= Tony Dobbin =

Irish jockey

Tony Dobbin on Karelian in the 2007 WBX Novices' Chase.

Tony Dobbin (born 1 May 1972) is a retired Northern Irish National Hunt jockey who rode mainly in Great Britain. He rode the winner of the Grand National on Lord Gyllene in 1997 for owner Sir Stanley Clarke CBE, and won over 1,200 races during his career in the saddle. He was the regular stable jockey for Nicky Richards. He retired from racing on Thursday, 10 April 2008 riding the winner of his final race, Ballyvoge, at Carlisle Racecourse.
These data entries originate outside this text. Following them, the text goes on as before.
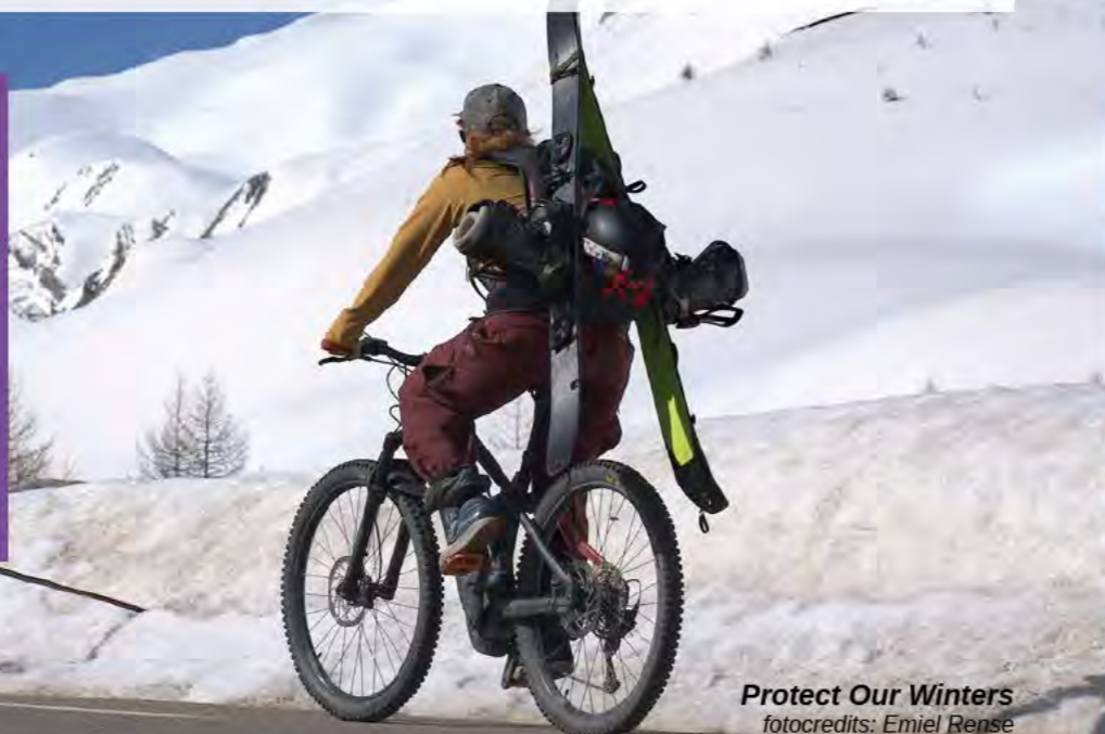
Protect Our Winters

Dus overheid: investeer in initiatieven die mensen informeren en betrekken. Maak dit op alle thema's tot overheidsbeleid. Bij alle campagnes die je als overheid lanceert, van Nationale Klimaatweek tot energiebespaarcampagnes: zorg dat initiatieven de boodschap (nog beter!) kunnen brengen.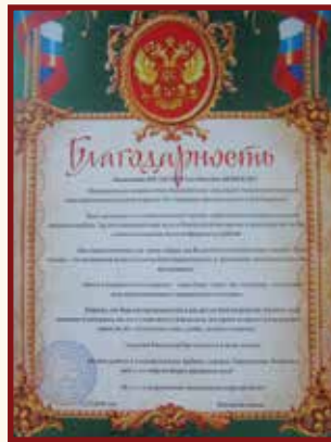
Pitkäaikainen yhteistyö Karjalan koulujen kanssa on tuottanut monta hyvää hedelmää.

Toinen tunti oli yhdeksäsluokkalaisten. Joukossa oli muutama tuttu nuori. Olen aikaisemminkin ollut tämän luokan vieraana. Puhuin heille perheestä ja lapsista. – Muutama vuosi vielä, niin teillä on omia lapsia, joiden kanssa rakennatte omaa joulua. Hyvin kuuntelivat tar-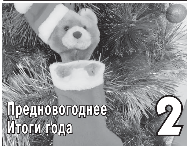
Предновогоднее Итоги года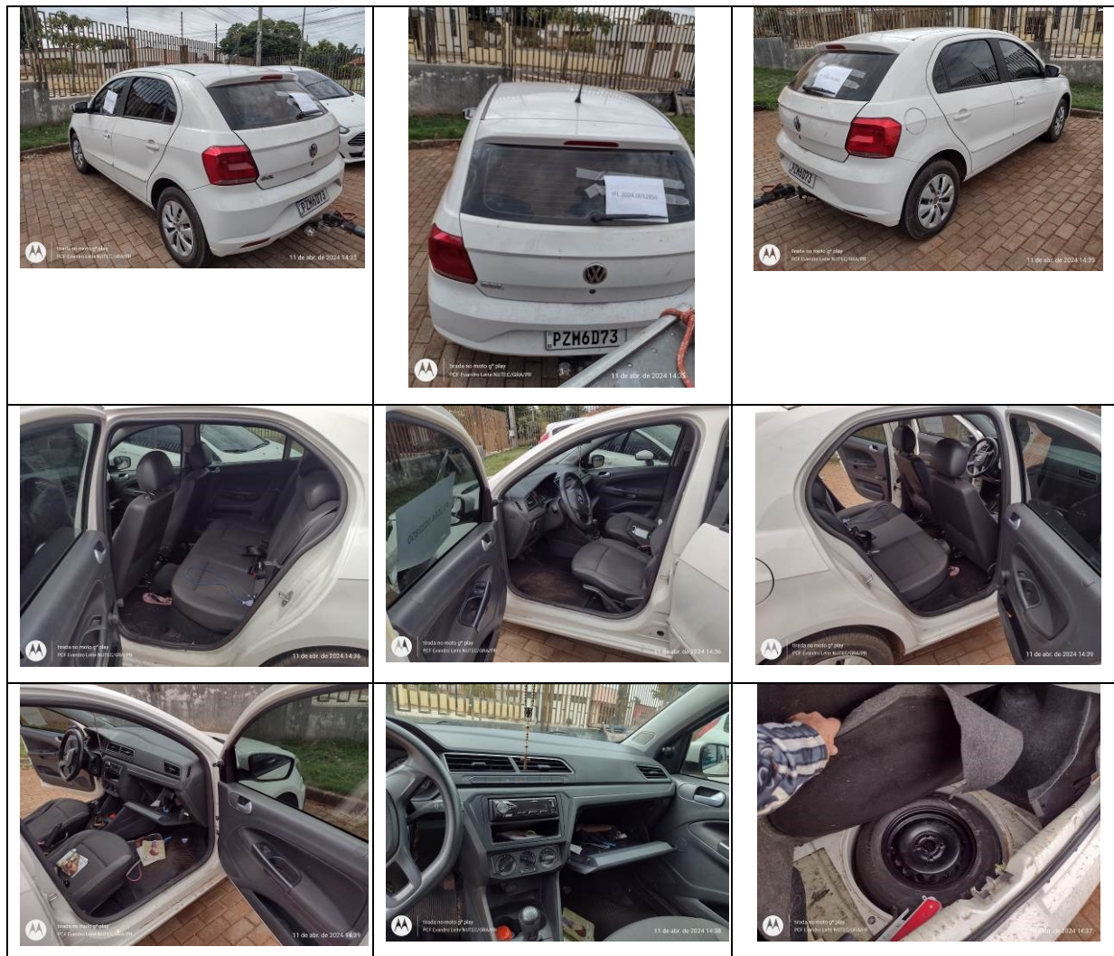
Figura 6: Fotos frente, traseira e laterais, direita e esquerda, e interior do veículo

Não foi encontrado radiocomunicador no veículo.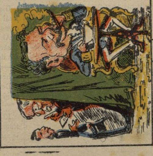
23. Cánovas tras la corvina las elecciones combina.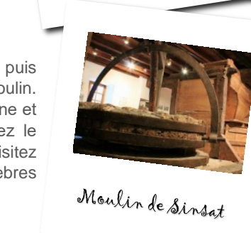
Moulin de Sinsat

Entrée gratuite. Ouverture du lundi au samedi.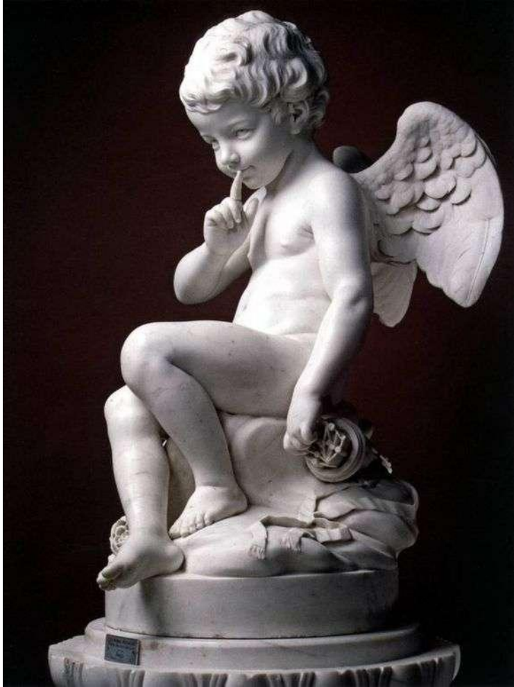
Этьен Морис Фальконе «Амур»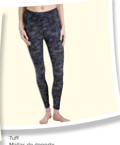
Tuff Mallas de deporte #1295985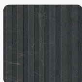
Riga FC18 RI Povrchová struktura Riga

He has assisted his wife, Rose Davidson, training racehorses since 2009.

==Major wins==
UK Great Britain
- Grand National - (1) Lord Gyllene (1997)
- Ascot Chase - (2) One Man (1998), Monet's Garden (2007)
- Melling Chase - (1) Monet's Garden (2007)
- Liverpool Hurdle - (1) Monet's Garden (2005)
- Fighting Fifth Hurdle - (2) Barton (2000), Arcalis (2005)
- Aintree Hurdle - (1) Barton (2001)
- Mildmay Novices' Chase - (1) Barton (2002)
- Anniversary 4-Y-O Novices' Hurdle - (1) Quazar (2002)

 Ireland
- Punchestown Champion Hurdle - (1) Quazar (2003)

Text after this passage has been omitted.